**PROBLEM TO SOLVE**
Reproduce every entry that follows word for word, but omit the images.
═══ RECORDS SHOWN
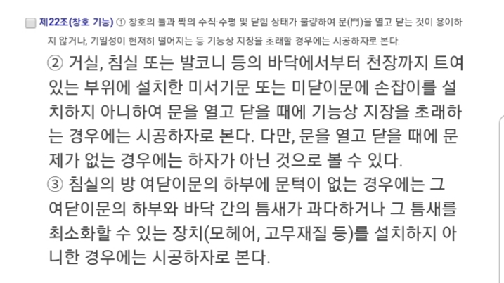 제22조(창호 기능) ① 창호의 틀과 짝의 수직·수평 및 닫힘 상태가 불량하여 문(門)을 열고 닫는 것이 용이하지 않거나, 기밀성이 현저히 떨어지는 등 기능상 지장을 초래할 경우에는 시공하자로 본다.
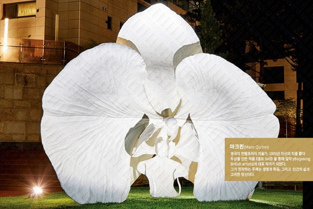 이 작품은 호접란을 모티프로 만든 것이었는데요. 물의 광장 가운데 위치해 마치 물에서 피어난 꽃을 연상시키고 있습니다.
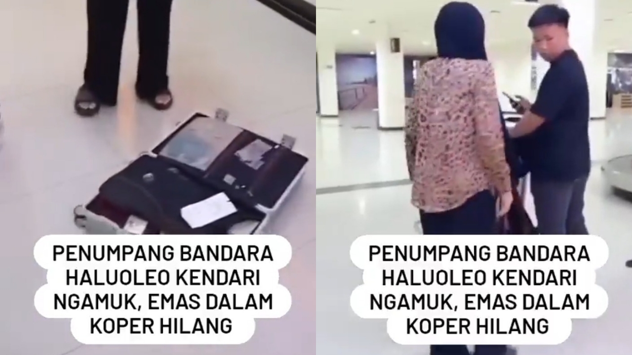 Kejadian panik tersebut terekam kamera dan ikut diunggah oleh akun X @heraloebss yang memperlihatkan wanita tersebut marah dan menangis terkait koper yang dibuka dan menemukan emasnya telah hilang.
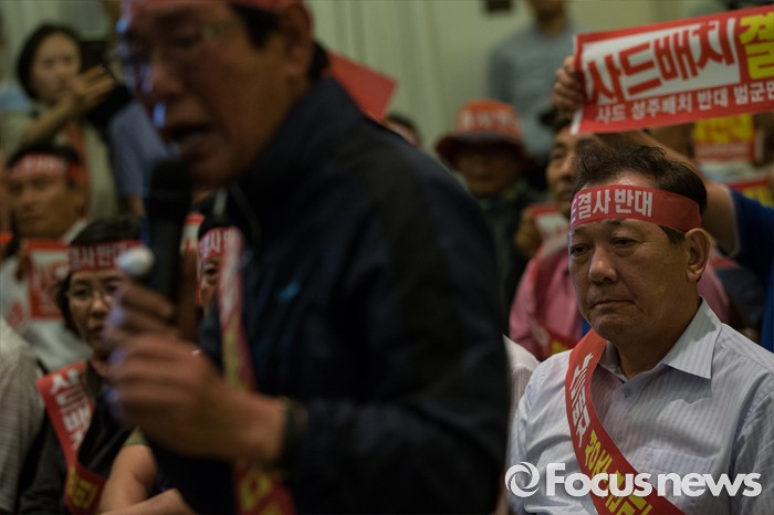 (서울=포커스뉴스) 13일 오후 서울 용산구 국방컨벤션을 찾은 김항곤(오른쪽) 성주군수와 군민들이 국방부를 상대로 항의하고 있다. 이날 국방부에서 주한미군 고고도 미사일 방어 체계 사드(THAAD) 배치 지역을 성주로 결정하고 공식 발표했다.
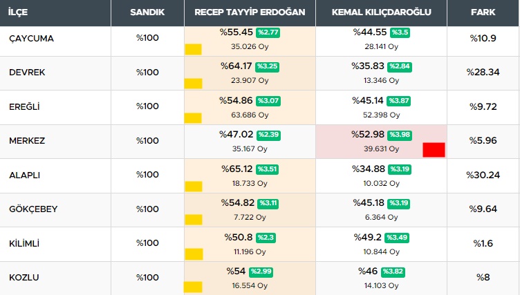 İlçeler bazında bakıldığında Zonguldak merkezi Kılıçdaroğlu önde tamamlarken diğer 7 ilçenin hepsinde Erdoğan önde tamamladı.
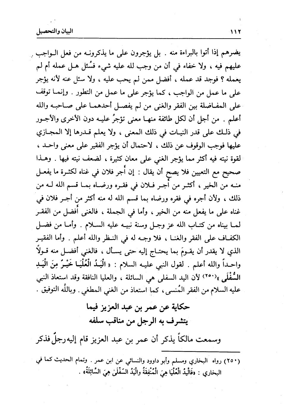 وأما في الجملة فالغنى أفضل من الفقر لما بيناه من كتاب الله عز وجل وسنة نبيه - عَلَيْهِ السَّلَامُ -. وأما من فضل الكفاف على الفقر والغنى، فلا وجه له في النظر والله أعلم. وأما الفقير الذي لا يقدر أن يقومَ بما يحتاج إليه حتى يسأل، فالغني أفضل منه قولاً واحداً، والله أعلم؛ لقول النبي - عَلَيْهِ السَّلَامُ -: «الْيَدُ الْعُلْيَا خَيْرٌ مِنَ الْيَدِ السًّفْلَى» ؛ لأن اليد السفلى هي السائلة، والعليا النافقة، وقد استعاذ النبي - عَلَيْهِ السَّلَامُ - من الفقر المُنسى، كما استعاذ من الغني المطغي. وباللَّه التوفيق.
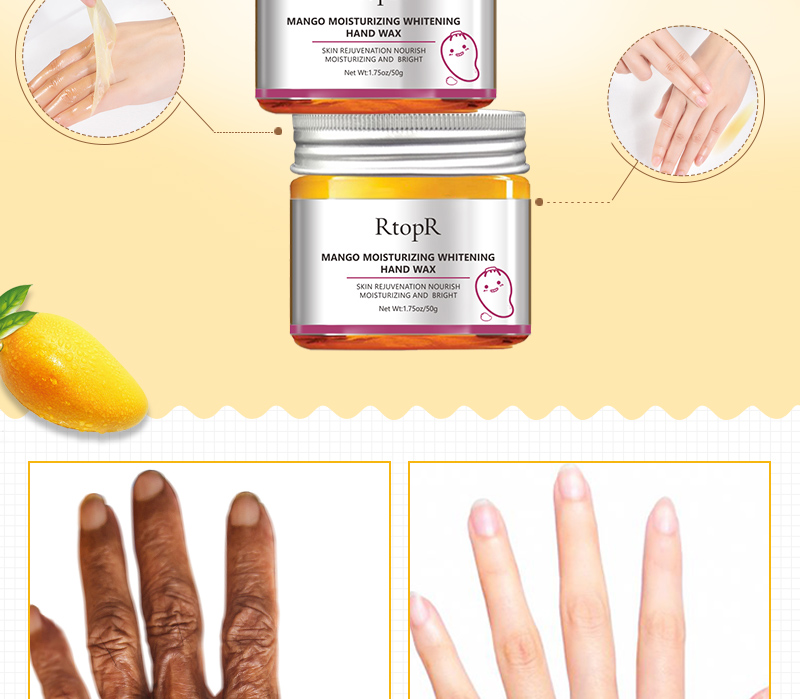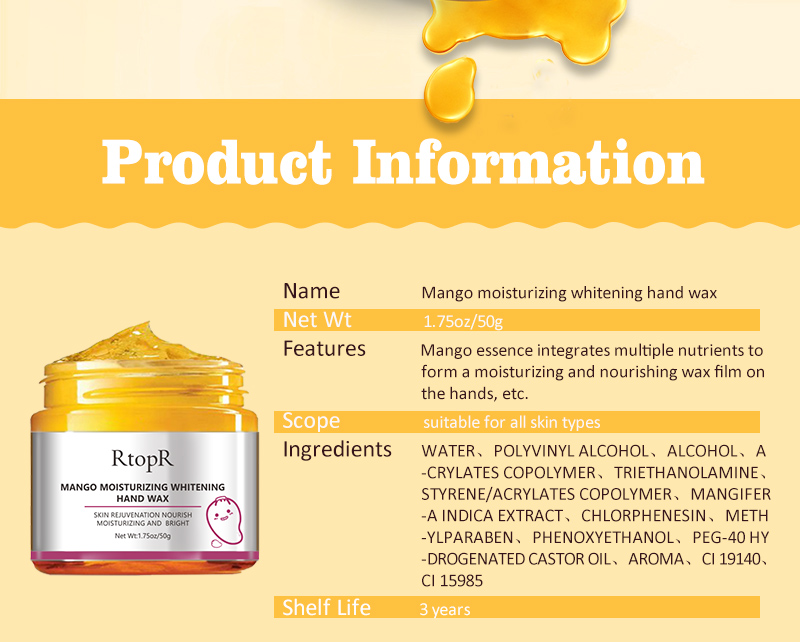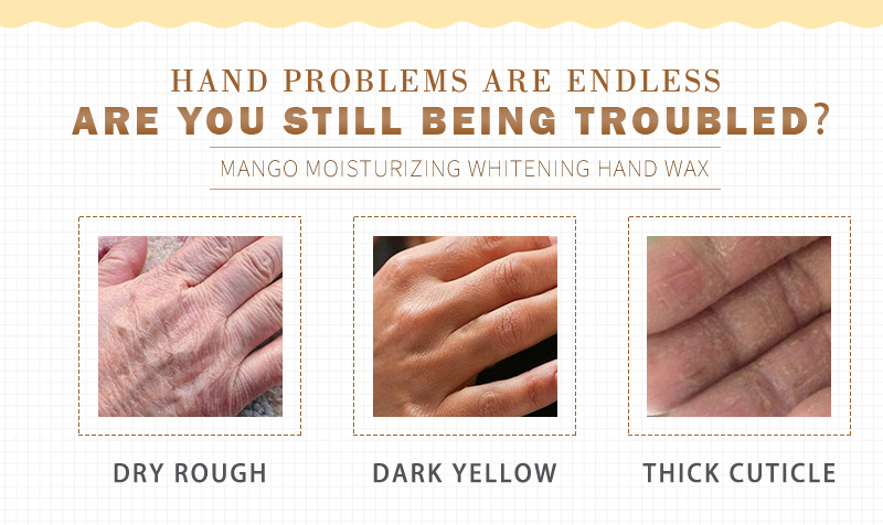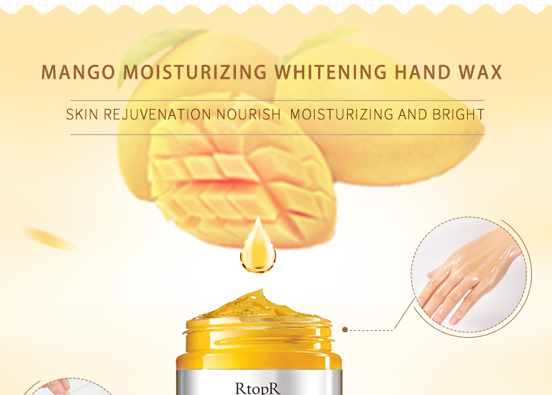 Mango essence combines a variety of nutrients to form a moisturizing and nourishing wax film on the hands, which gently and intensively nourishes the hands, relieves dry, rough, chapped, dull hands and other skin conditions, and at the same time helps to remove old cutin, whitening and translucent Skin and hands glow.
══════
**WRITTEN ANSWER**
 제22조(창호 기능) ① 창호의 틀과 짝의 수직·수평 및 닫힘 상태가 불량하여 문(門)을 열고 닫는 것이 용이하지 않거나, 기밀성이 현저히 떨어지는 등 기능상 지장을 초래할 경우에는 시공하자로 본다.
 이 작품은 호접란을 모티프로 만든 것이었는데요. 물의 광장 가운데 위치해 마치 물에서 피어난 꽃을 연상시키고 있습니다.
 Kejadian panik tersebut terekam kamera dan ikut diunggah oleh akun X @heraloebss yang memperlihatkan wanita tersebut marah dan menangis terkait koper yang dibuka dan menemukan emasnya telah hilang.
 (서울=포커스뉴스) 13일 오후 서울 용산구 국방컨벤션을 찾은 김항곤(오른쪽) 성주군수와 군민들이 국방부를 상대로 항의하고 있다. 이날 국방부에서 주한미군 고고도 미사일 방어 체계 사드(THAAD) 배치 지역을 성주로 결정하고 공식 발표했다.
 İlçeler bazında bakıldığında Zonguldak merkezi Kılıçdaroğlu önde tamamlarken diğer 7 ilçenin hepsinde Erdoğan önde tamamladı.
 وأما في الجملة فالغنى أفضل من الفقر لما بيناه من كتاب الله عز وجل وسنة نبيه - عَلَيْهِ السَّلَامُ -. وأما من فضل الكفاف على الفقر والغنى، فلا وجه له في النظر والله أعلم. وأما الفقير الذي لا يقدر أن يقومَ بما يحتاج إليه حتى يسأل، فالغني أفضل منه قولاً واحداً، والله أعلم؛ لقول النبي - عَلَيْهِ السَّلَامُ -: «الْيَدُ الْعُلْيَا خَيْرٌ مِنَ الْيَدِ السًّفْلَى» ؛ لأن اليد السفلى هي السائلة، والعليا النافقة، وقد استعاذ النبي - عَلَيْهِ السَّلَامُ - من الفقر المُنسى، كما استعاذ من الغني المطغي. وباللَّه التوفيق.
 Mango essence combines a variety of nutrients to form a moisturizing and nourishing wax film on the hands, which gently and intensively nourishes the hands, relieves dry, rough, chapped, dull hands and other skin conditions, and at the same time helps to remove old cutin, whitening and translucent Skin and hands glow.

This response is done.